#### Prompt:
Only the lines below from the one containing "Whether you're dressing" through the one containing "Bransoletka wykonana z" belong in the answer, set down exactly, with the pictures left out.

+===+

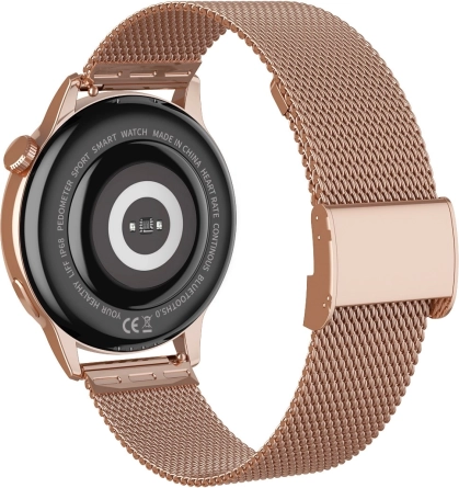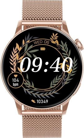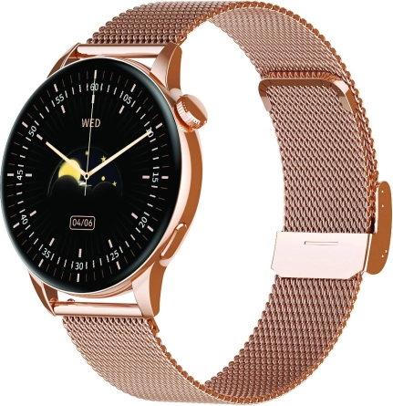 Deze smartwatch valt op door het gouden design en de premium afwerking die de aandacht trekt.
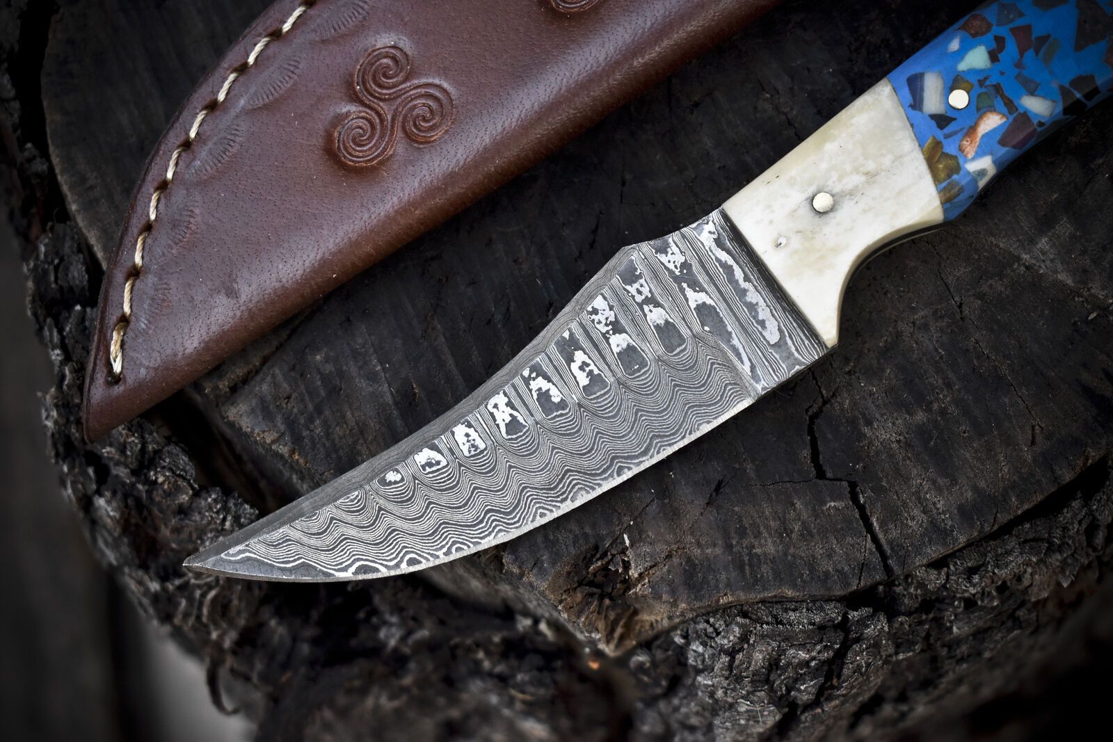 Whether you're dressing game or setting up camp, this handmade skinner damascus knife offers sharpness, durability, and beauty in one. Includes a hand-tooled leather sheath for safe carry. This knife is a perfect representation of functional art for anyone seeking a damascus skinner hunting knife with rare features.
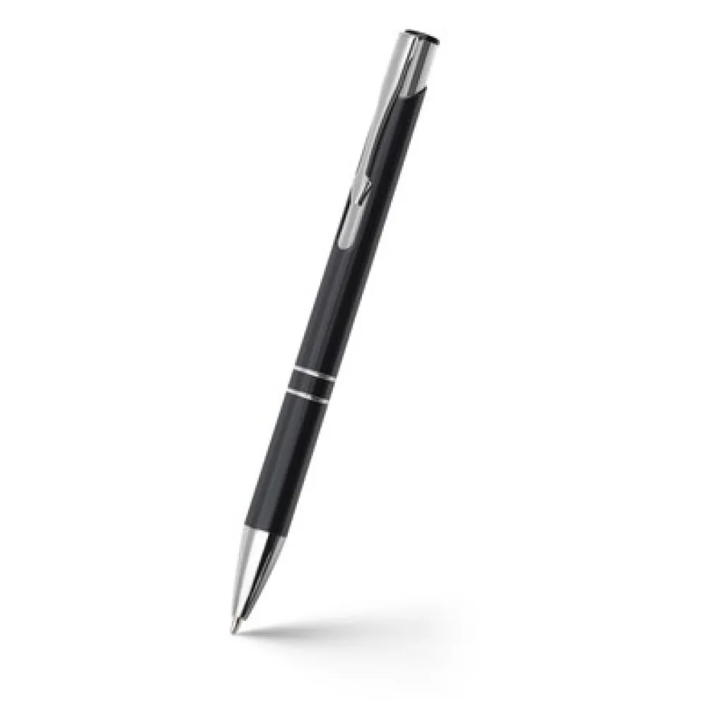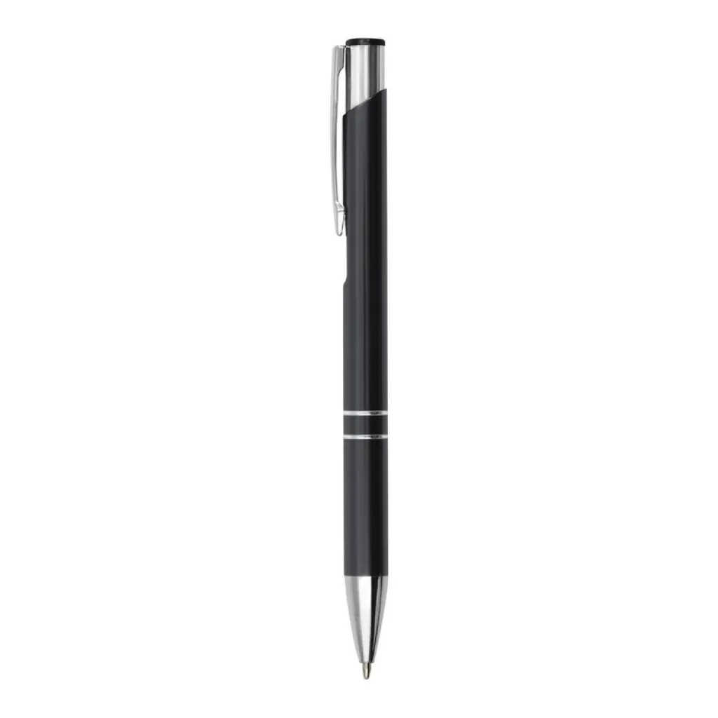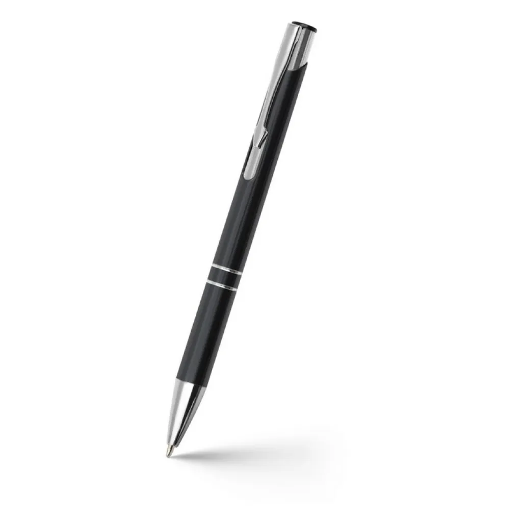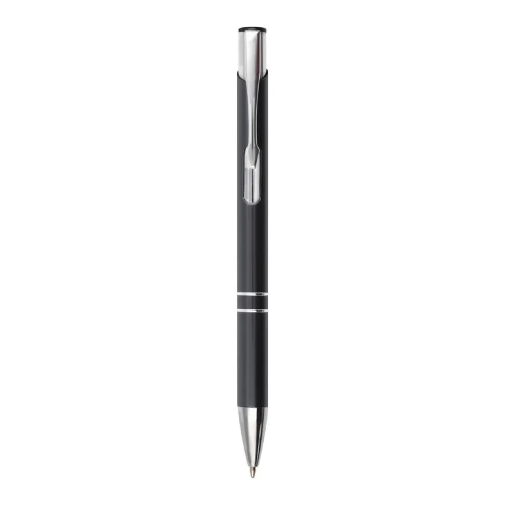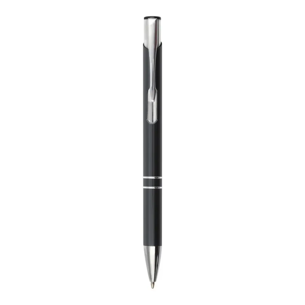 Kemijska olovka s aluminijskom cijevi u boji i srebrnim dijelovima.
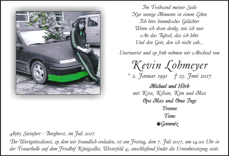Leider kommen diese vielen liebe Worte deiner Familie und Freunde nicht mehr an...
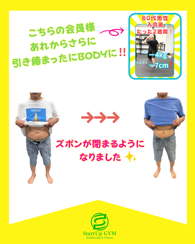 たった2週間で −4kg、ウエスト −7cm を達成された60代男性の会員様。
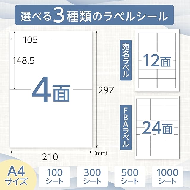 【仕様】:A4判(210mm×297mm); ラベルサイズ: 105×148.5mm(2列×2段) ;ラベル枚数:400枚 (4面×100シート);シート標準総厚み:0.15mm;材質:上質紙(マット紙)
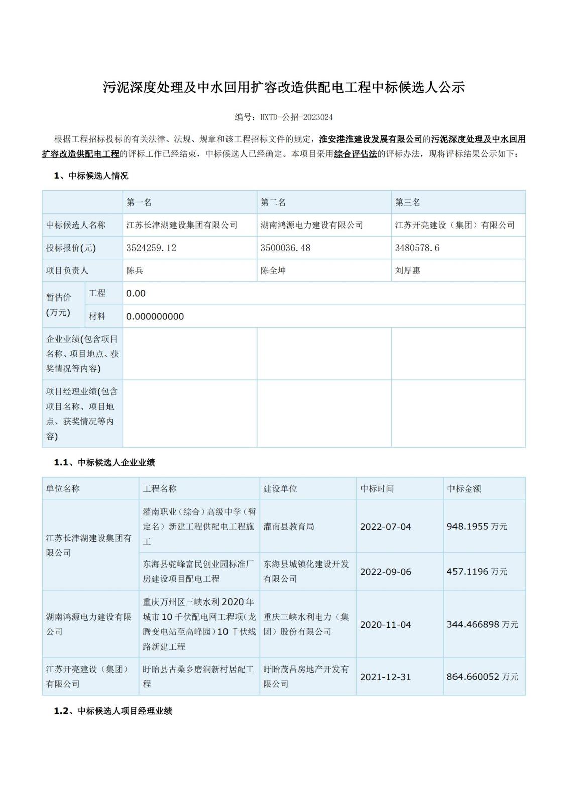 污泥深度處理及中水回用擴容改造供配電工程中標候選人公示
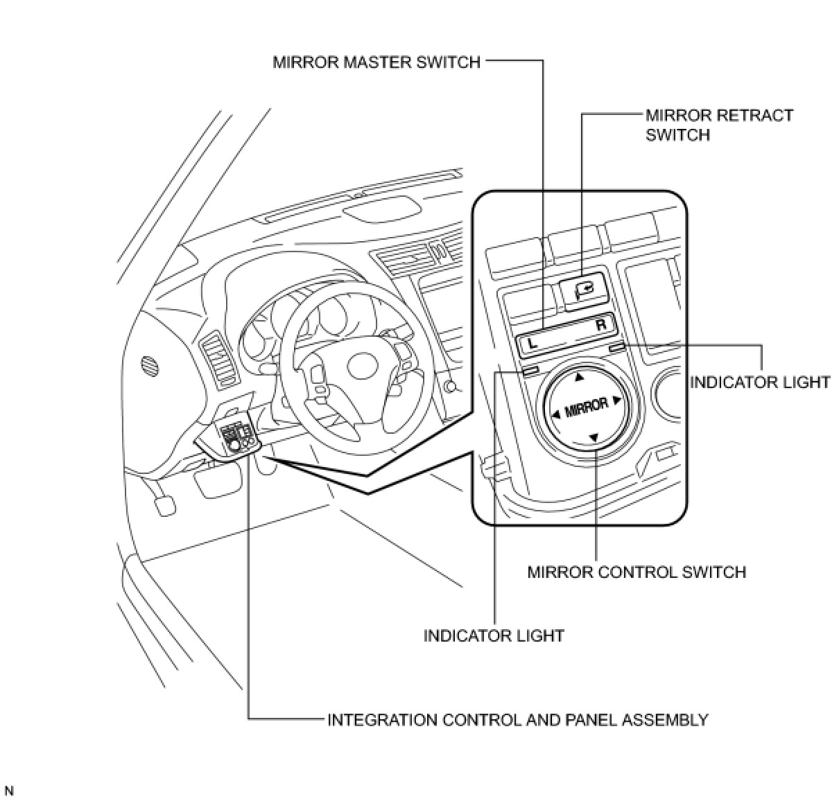 MIRROR: POWER MIRROR CONTROL SYSTEM: PARTS LOCATION
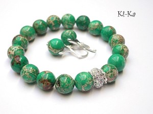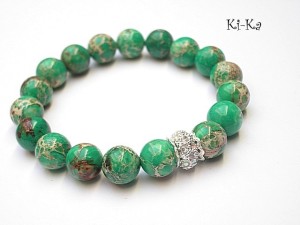 Bransoletka wykonana z naturalnych minerałów: jaspis cesarski [10mm], przekładki wysadzanej kryształkami oraz elementów w kolorze srebra. Bransoletka na gumce silikonowej. Pasuje na nadgarstek 15-16,5cm. Biżuteria ozdobnie zapakowana Bransoletka może stanowić komplet z kolczykami dostępnym w naszej galerii - zdjęcia
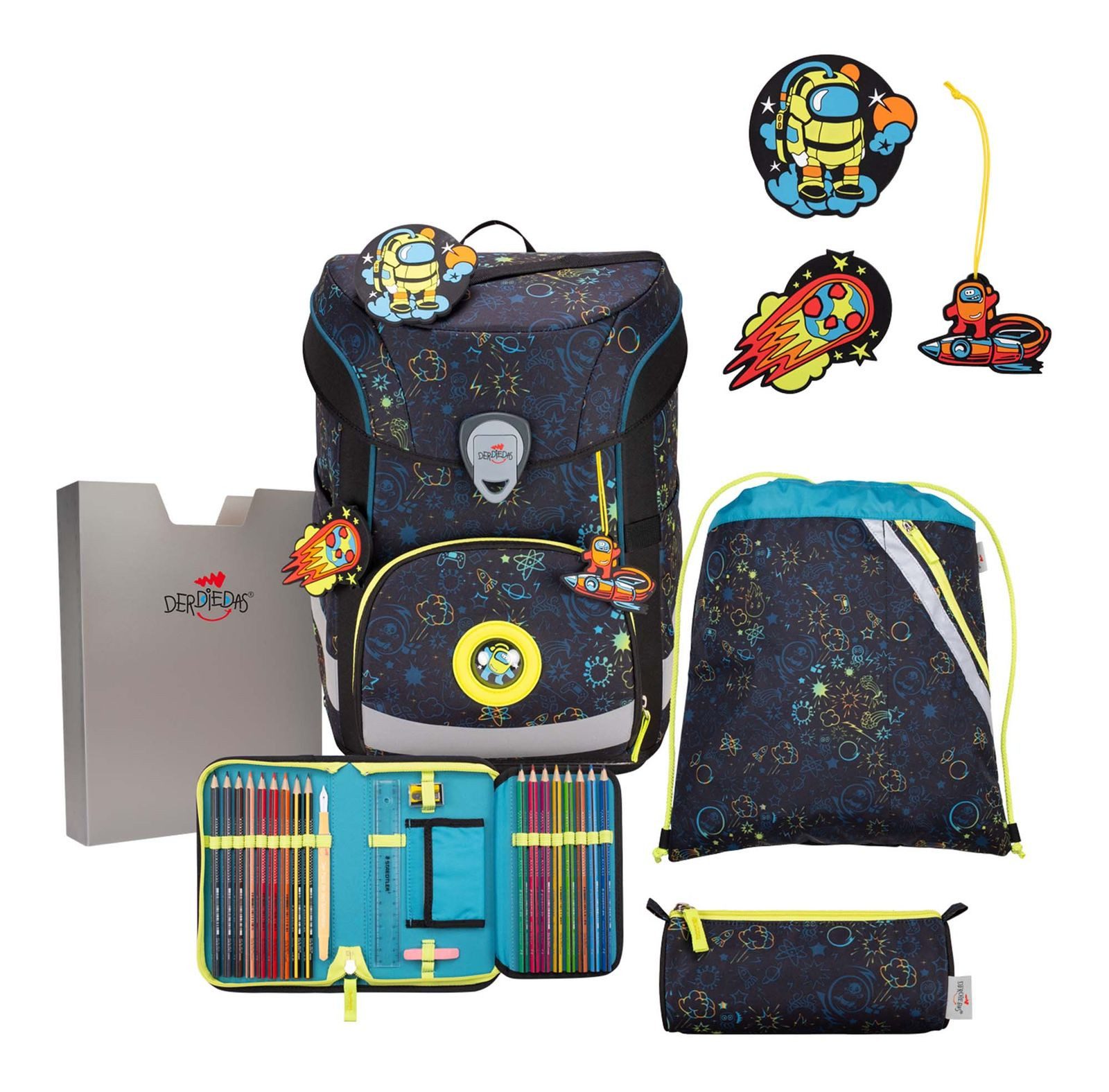 Der ErgoFlex Easy Schulranzen begleitet Kinder sicher und komfortabel durch den Schulalltag. Das leuchtend bunte Design in Blau mit verspielten Einhorn-Details macht den Ranzen zu einem echten Hingucker. * Ergonomisches Tragesystem – höhenverstellbar und mit gepolstertem Beckengurt entlastet es den Rücken und wächst mit dem Kind mit. * Extraheller LED-Ring – sorgt für gute Sichtbarkeit im Dunkeln und erhöht die Sicherheit auf dem Schulweg. * Große reflektierende Flächen – unterstützen die Sichtbarkeit aus allen Richtungen. * Geräumige Fronttasche – bietet Platz für Brotdose und Schüleretui, ergänzt durch zwei Seitentaschen für Trinkflasche und Kleinigkeiten. * Stabiler, wasserabweisender Boden – schützt vor Feuchtigkeit und verlängert die Lebensdauer des Ranzens. * Magnetschloss – einfach zu bedienen und schnell verschließbar, ideal für kleine Hände. Das praktische Komplettset mit Heftebox, Sportbeutel und Mäppchen ist ideal für den Schulstart und verbindet Sicherheit mit kindgerechtem Komfort.

+===+

#### Reply to the exercise:
 Whether you're dressing game or setting up camp, this handmade skinner damascus knife offers sharpness, durability, and beauty in one. Includes a hand-tooled leather sheath for safe carry. This knife is a perfect representation of functional art for anyone seeking a damascus skinner hunting knife with rare features.
 Kemijska olovka s aluminijskom cijevi u boji i srebrnim dijelovima.
Leider kommen diese vielen liebe Worte deiner Familie und Freunde nicht mehr an...
 たった2週間で −4kg、ウエスト −7cm を達成された60代男性の会員様。
 【仕様】:A4判(210mm×297mm); ラベルサイズ: 105×148.5mm(2列×2段) ;ラベル枚数:400枚 (4面×100シート);シート標準総厚み:0.15mm;材質:上質紙(マット紙)
 污泥深度處理及中水回用擴容改造供配電工程中標候選人公示
 MIRROR: POWER MIRROR CONTROL SYSTEM: PARTS LOCATION
 Bransoletka wykonana z naturalnych minerałów: jaspis cesarski [10mm], przekładki wysadzanej kryształkami oraz elementów w kolorze srebra. Bransoletka na gumce silikonowej. Pasuje na nadgarstek 15-16,5cm. Biżuteria ozdobnie zapakowana Bransoletka może stanowić komplet z kolczykami dostępnym w naszej galerii - zdjęcia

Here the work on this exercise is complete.